With the seemingly endless string of subzero days, the conservatory has become more crowded on weekdays than usual, according to Matt Reinartz, Como Park Zoo and Conservatory spokesman.
"I think people are actually taking lunch breaks and coming over here on their lunch breaks," he said. "You'll see folks sitting on the benches reading a book, and you can just tell they're trying to beat these winter blahs and coming in some place warm."
Inside the glass-walled atrium, it's warm and humid and filled with tropical plants. The gardens have names like the Palm Dome, Fern Room and there's a Sunken Garden filled with flowers. In the Tropical Encounters area, birds fly freely overhead.
"It lets you be OK with not going to an island," Ingram said. "It's really easy to start feeling sorry for yourself, but when you come here, you can't."
This year, the zoo created Twitter hashtags for people coming to the conservatory as an escape: #EscapeTheCold and #ItsAlwaysWarmInsideTheConservatory, Reinartz said.
Children on school field trips and seniors on a trip from their community housing also were visiting the conservatory.
Alice Lucke was there with Village Shores Senior Community in Richfield. She sat on a bench, drawing flowers in the garden with a slight smile on her face.
"It forces you to look a little more closely at them," she said. "I am just drinking it all in and have just been amazed."
Angela Lais, 31, of St. Paul, pretended she was in Costa Rica while visiting the conservatory, even though she just came back from a trip to Costa Rica, where her mother is from.
"It's the smell that you miss -- that green, the earth. It gets so cold and dry and you can't smell anything," Lais said.
Her friend put it bluntly: "I'm here because I'm absolutely nature-deprived," said Michelle Helsing, 43, who drove from Albertville, Minn., to St. Paul. "I was pretending a little bit that I'm going to a tropical place.
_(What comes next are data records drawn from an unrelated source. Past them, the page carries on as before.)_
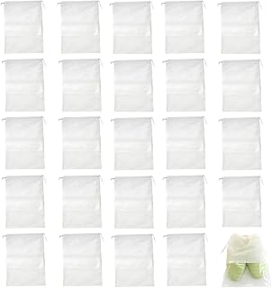 [シーポッシュ] 靴袋 シューズバック 不織布 巾着袋 収納袋 服入れ 透明窓付き 靴収納ケース(白 M 20枚入り)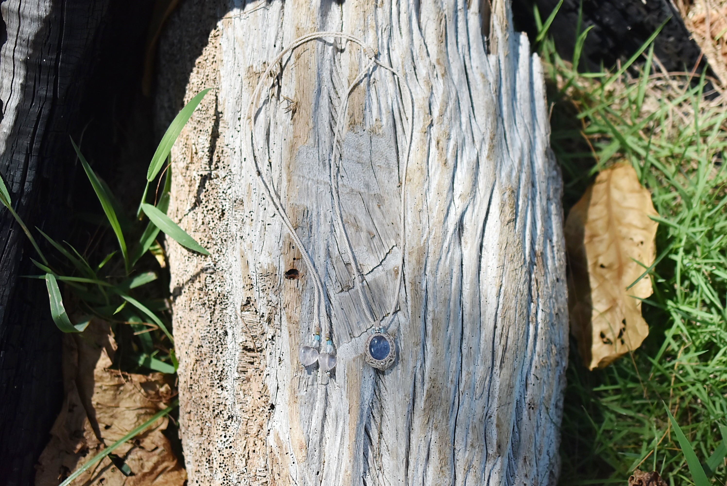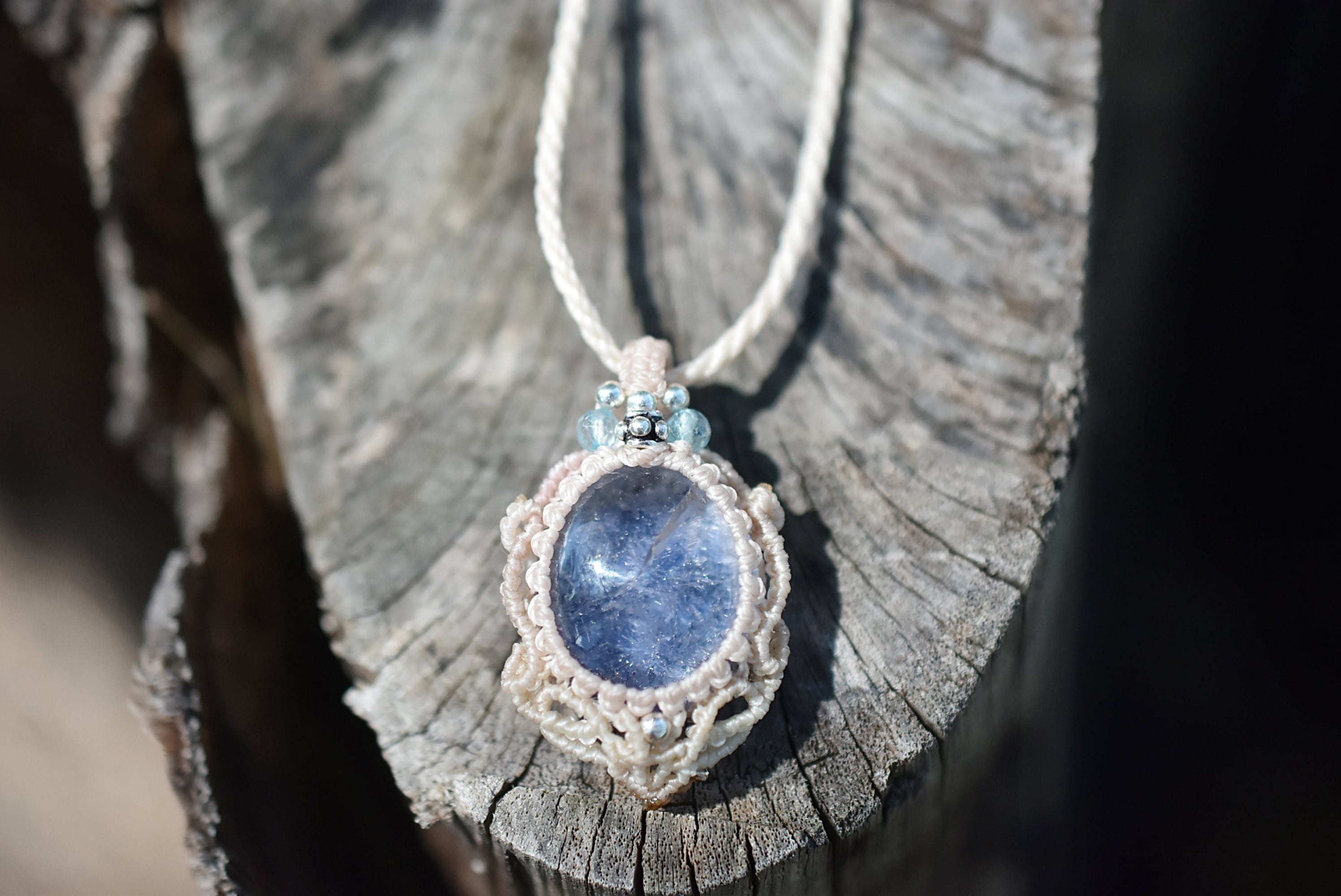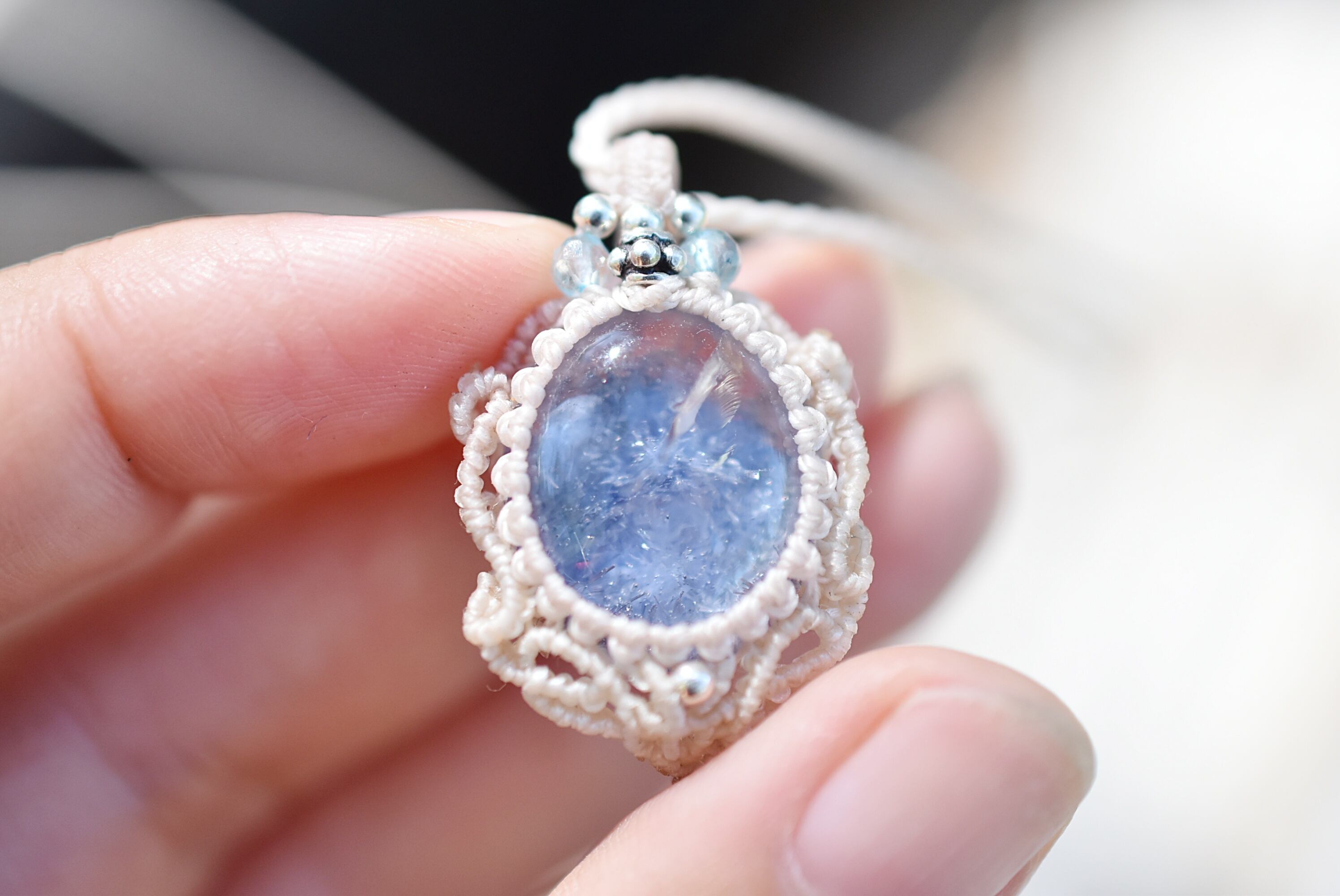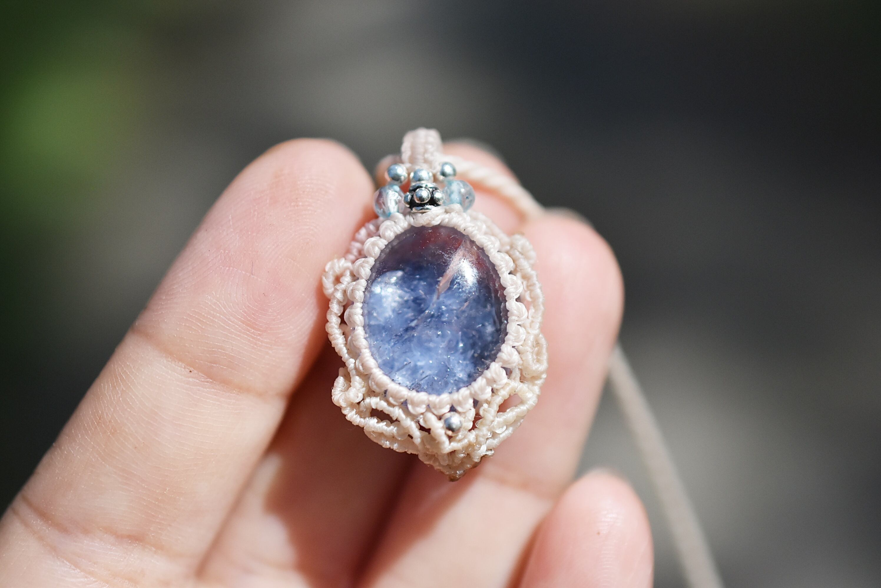 石の周りをマクラメ編み装飾。
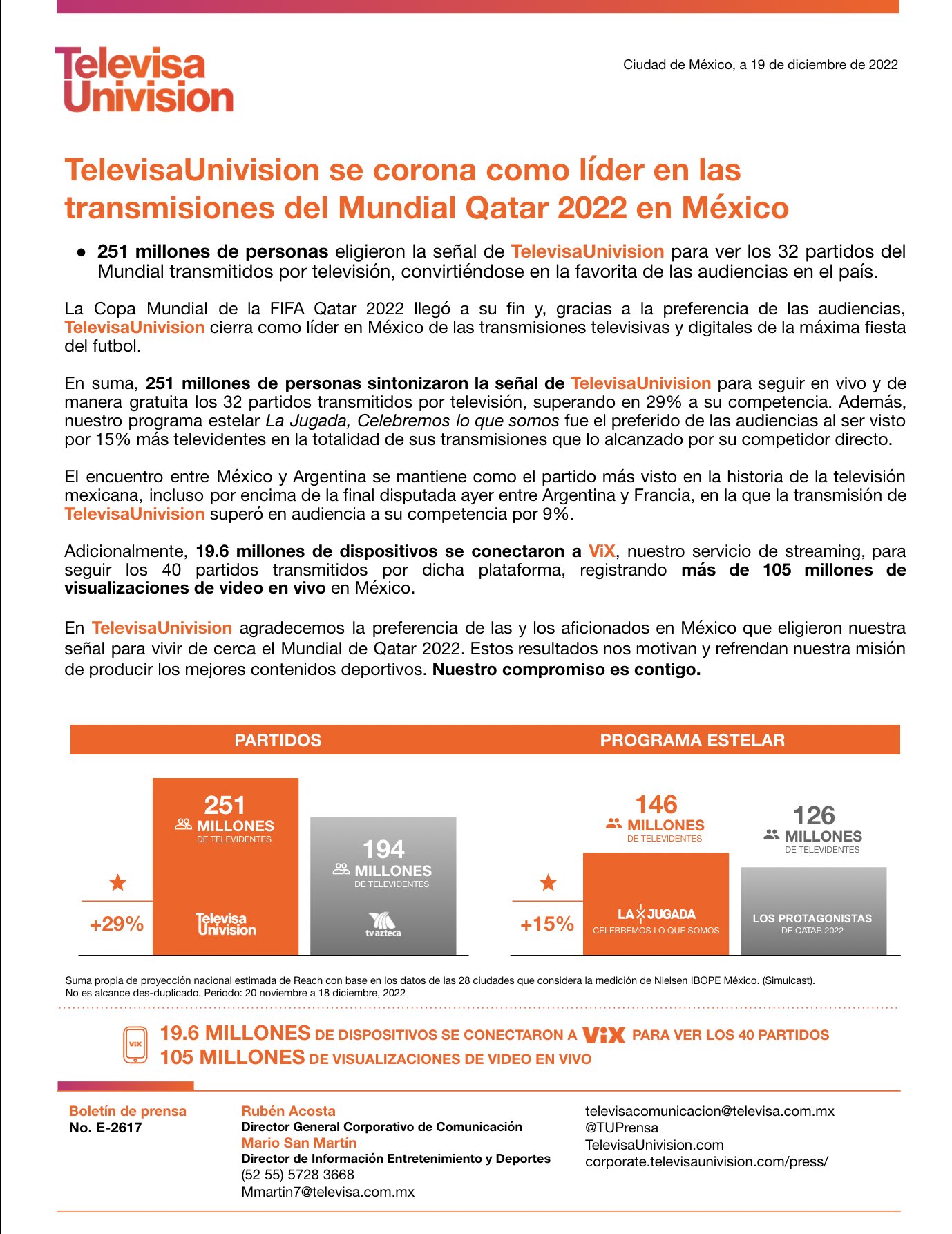 Según información publicada por Televisa-Univison, la televisora perteneciente a Emilio Azcárraga acumuló un total de 251 millones de espectadores, mientras que TV Azteca tuvo 194 millones.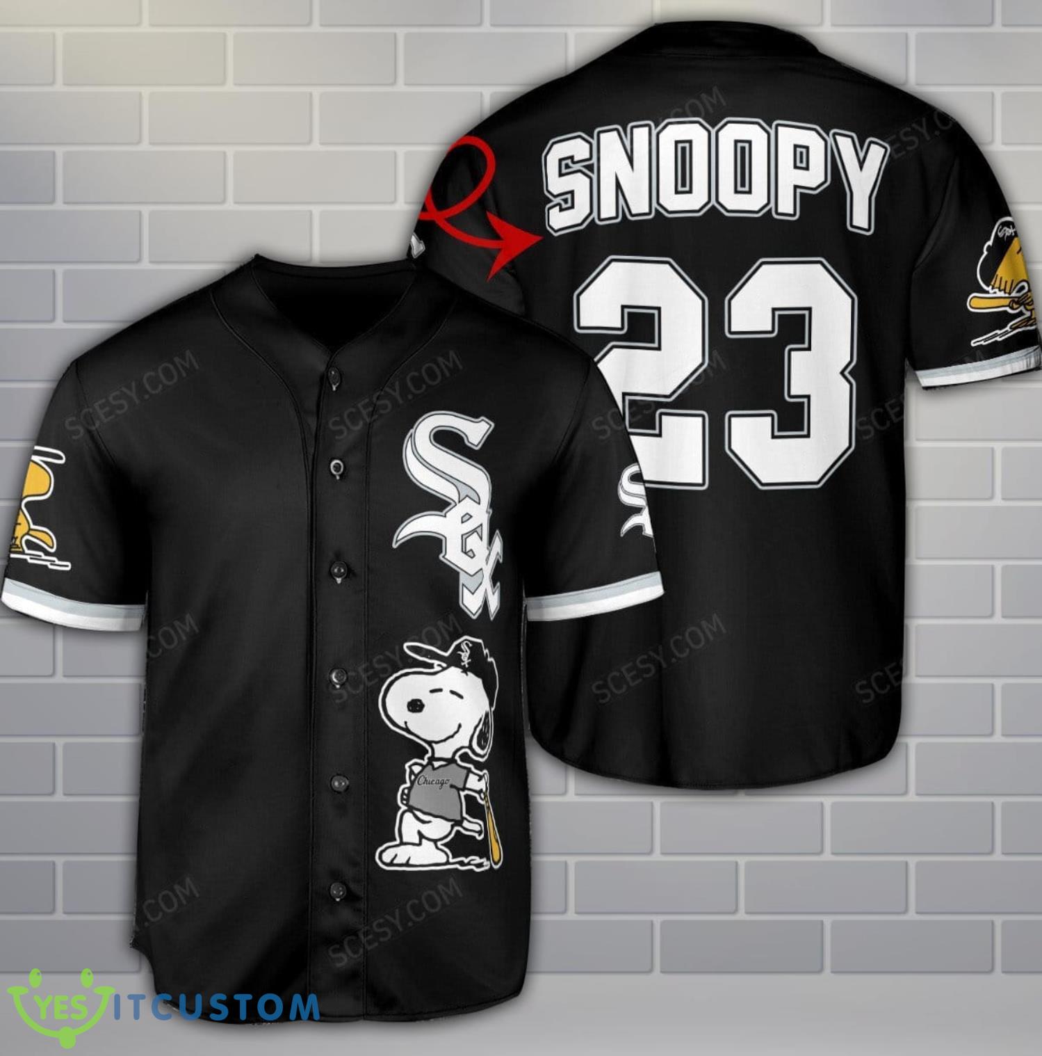 Chicago White Sox Peanuts Snoopy x Chicago White Sox Baseball Jersey Shirt Black Custom Name Number Information: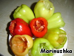 Пока у нас готовится фарш, подготовим перчики. Помоем и извлечем плодоножку.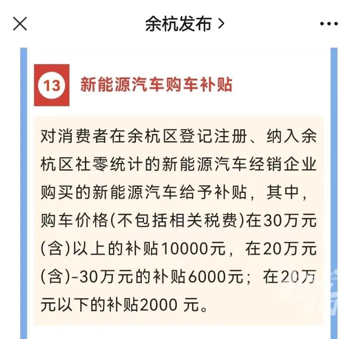 同样,在余杭区为冲刺新年经济“开门红”发布的36条措施中,也包含了新能源汽车补贴政策。余杭区宣布,1月1日至3月31日期间,在余杭区购买新能源汽车最高补贴1万元。消费者必须是在余杭区购车,且新能源汽车经销企业必须是在余杭区登记注册、纳入余杭区社零统计的企业。其中,购车价格(不包括相关税费)在30万元(含)以上的补贴10000元,在20万(含)-30万元的补贴6000元,在20万元以下的补贴2000元。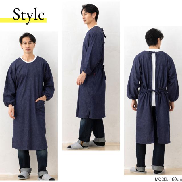 ソフトデニム生地のシンプルなメンズ用割烹着。広範囲を汚れから守ってくれる、ロング丈タイプです。柔らかな生地感は動きやすく、大きめに作られているのでゆったりと着て頂けます。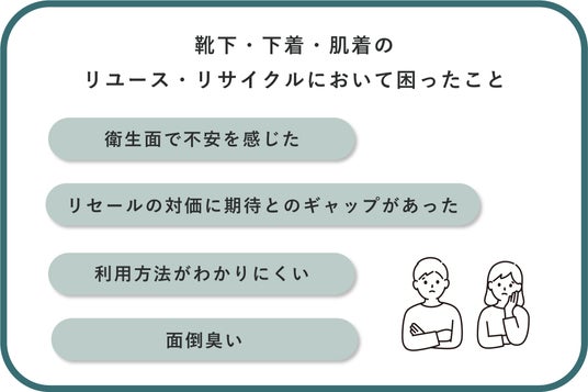 靴下・下着・肌着をリユース・リサイクルする際に、「どのようなことで困ったか」という問いに対する回答として、あまりに汚れすぎていて不安/臭い/使用感が気になる/リサイクルショップでは買い取ってもらえないなど、「衛生面で不安を感じたこと」や、思うように売れなかった/高くならないなど、「リセールの対価に期待とのギャップがあった」ことが挙げられました。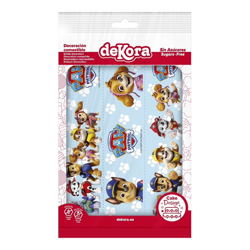 Dekorbanden pryds av flera av de välkända karaktärerna och gör det snabbt och enkelt att ge tårtan ett lekfullt och proffsigt utseende. Perfekt till ett Paw Patrol-kalas eller till alla barn som älskar de modiga valparna och deras spännande uppdrag.

You find yourself getting creative with anything that's mood-enhancing -- it's been a long winter."
Visitors agreed: they are ready for spring. While the Sunken Garden features the winter flower show through March 16, the spring flower show is right around the corner -- it begins March 22 -- bringing in 10,000 tulips, along with lilies, hyacinth, hydrangea, crocus, daffodils, iris, freesia, and calla.